MongoDB Atlas is the managed cloud service for MongoDB, offering scalability and high availability across multiple cloud providers. With Atlas, MongoDB handles backups, monitoring, upgrades, and patches—letting you focus on building your application, not maintaining infrastructure. If managing databases isn’t core to your business, why not delegate it to the people who built MongoDB?

Conclusion

There you have it! You've just built a production-worthy, AI-ready, Spring AI- and MongoDB-powered application in no time at all. We’ve only begun to scratch the surface. Check out Spring AI 1.0 at the Spring Initializr today and learn more about MongoDB Atlas and the vector store support.

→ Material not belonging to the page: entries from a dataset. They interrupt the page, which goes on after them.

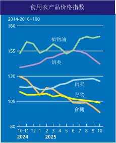 粮农组织动物油价钱指数10月平均为169。4点,较9月上涨1。5点(0。9%),升至2022年7月以来最高程度。环比涨幅次要受棕榈油、菜籽油、大豆油和葵花籽油报价走高鞭策。此中,国际棕榈油价钱正在上月回掉队小幅反弹,虽然马来西亚产量超预期,但市场对印度尼西亚打算于2026年提高生物柴油强制掺混比例将导致出供词应收紧的预期对价钱构成支持。次要因黑海地域收成延迟及农户惜售导致供应严重。取此同时,菜籽油和大豆油全球价钱别离因欧盟供应持续严重、巴西和美国国内需求增加而上涨。粮农组织肉类价钱指数10月平均为125。0点,较9月下降2。5点(2。0%),但同比仍超出跨越5。8点(4。8%)。肉类价钱指数正在持续八个月上涨后呈现回落,牛肉报价上涨仅部门抵消了跌幅。具体而言,猪肉价钱指数下跌源于全球供应较为丰裕,而欧盟出口报价则因中国实施新进口关税后进口需求削弱而承受额外下行压力。禽肉价钱指数亦显著收缩,反映出巴西出口价钱降低,缘由是正在中国实施高致病性相关商业后,该国出口商转向价钱较低的市场。此外,羊肉价钱指数下跌,出格是正在,缘由是市场供应添加。比拟之下,牛肉价钱指数继续攀升,全球不变的需求鞭策报价上涨。粮农组织乳成品价钱指数2025年10月平均为142。2点,较9月下降5。0点(3。4%),持续第四个月下跌,但同比仍超出跨越2。7%。所有分项指数本月均下跌。黄油环比跌幅6。5%,全脂奶粉为6。0%,奶酪为1。5%。黄油价钱持续下行次要反映出欧盟和出供词应充脚,暖和的季候性气温提振了奶类产量,而亚洲和中东进口需求疲软。奶粉报价也因需求无限和出口合作激烈而走低。奶酪价钱指数跌幅相对较窄,欧盟地域因奶源供应充脚、出口需求不振而导致价钱小幅下跌,但部门被大洋洲正在亚洲订单不变及季初供应偏紧支持下的坚挺价钱所抵消。粮农组织食糖价钱指数10月平均为94。1点,较9月下降5。3点(5。3%),持续第二个月下跌,同比则下跌35。4点(27。4%),降至2020年12月以来的最低程度。本月跌幅次要受全球食糖供应丰裕的预期驱动。正在巴西南部次要产区,有益的气候前提支持了近几周的强劲出产势头。泰国和印度(均已起头晚期压榨功课)的预期减产则进一步强化了全球食糖供应的积极前景,对价钱形成压力。此外,国际原油价钱下跌导致生物燃料行业需求下降,给全球糖价形成进一步的下行压力。
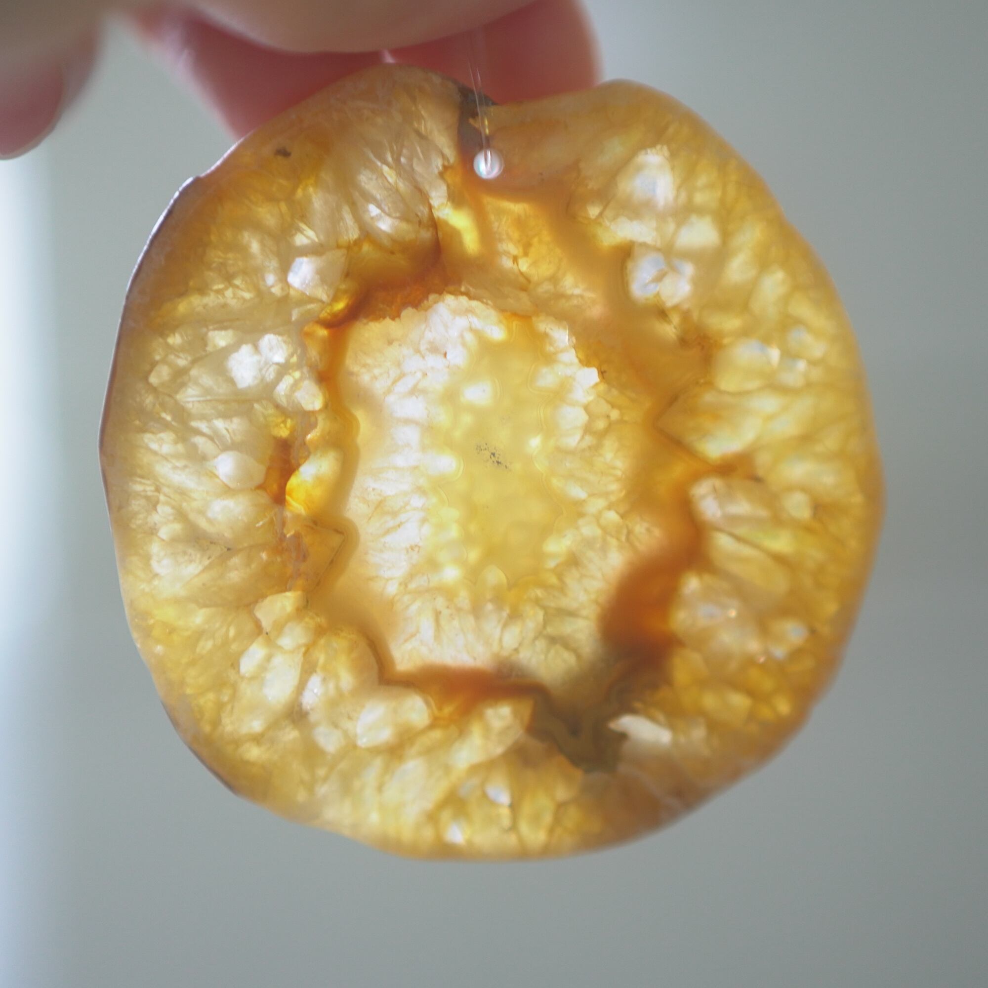 ✧✧✧染色の石なので耐光性(光による経年でのカラー変化の耐性)に優れているわけではなく一日の中で長時間強い日光に当たるような場所に飾られるのはおすすめしないのですが、陽光に透かした時にだけ真価を発揮する美しさがありますので、是非たまに翳したりして光と一緒にお楽しみいただけたらと思っております。特に濃い鮮やかな色など、気になられる場合は、日光のあまり当たらない場所に飾っていただけたらと思います✧✧✧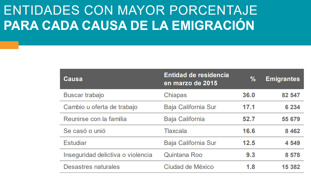 Entre los motivos que impulsan a los capitalinos a emigrar a otros estados, destaca principalmente el temor a los desastres naturales, sin embargo también lo hacen para reunirse con otros familiares, buscar trabajo, cambio de empleo, matrimonio, estudios e inseguridad.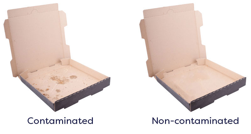 However, the recyclability of a pizza box depends largely on how contaminated it is. i.e. how greasy the box is or what cheesy leftovers are stuck to the box. ‘Contamination’ makes it impossible to recycle the box as the food residue impedes the recycling process.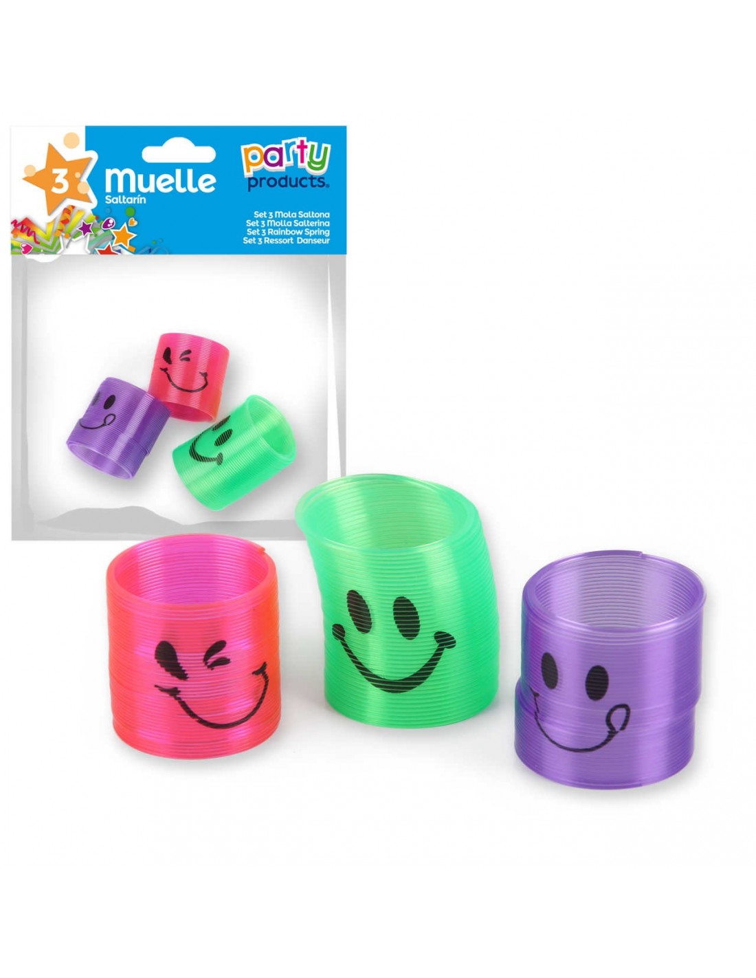 Fabricat en plàstic i amb colors vius, aquesta molla saltadora és resistent i durador, perfecte per a suportar hores de diversió. Cada lot inclou 3 molles de diferent color, cadascun amb una cara diferent, la qual cosa els converteix en un regal ideal per a qualsevol ocasió. Ja sigui per a aniversari, festes escolars o qualsevol tipus de celebració, aquestes molles són un detall perfecte que garanteix somriures i diversió.

If you want to see more about what you can do with MongoDB, Spring, and AI, check out our tutorial on building a real-time AI fraud detection system with Spring Kafka and MongoDB. If you’re more interested in just getting started with Spring and MongoDB, we have a tutorial on that too!

Top comments (5)

Dotallio • May 20

Really loved how you broke down the RAG workflow and tied Spring AI with MongoDB so clearly - it actually feels doable now. Have you tried adapting this to more complex document types or other real-world use-cases beyond the demo?

Tim Kelly • May 20

Thank you! This is just the beginning. With Spring AI being GA now, we'll be exploring more advanced use cases that you can use and bring to production. Stay tuned!

Nevo David • May 21

pretty cool seeing spring and ai getting so close like this - honestly, every time stuff gets easier for regular devs it kinda changes the game for me. you think plugging all this ai into old school stacks will eventually be the norm?

Taki • May 21

Thanks

Mohammed Salah • May 23

Thank you so much for the amazing content. I would be grateful if you have an idea on how we can do the same thing but with a SQL databases, or it would be so much hassle to migrate a full data warehouse that is based on SQL to document based DB like Mongo. Thanks again.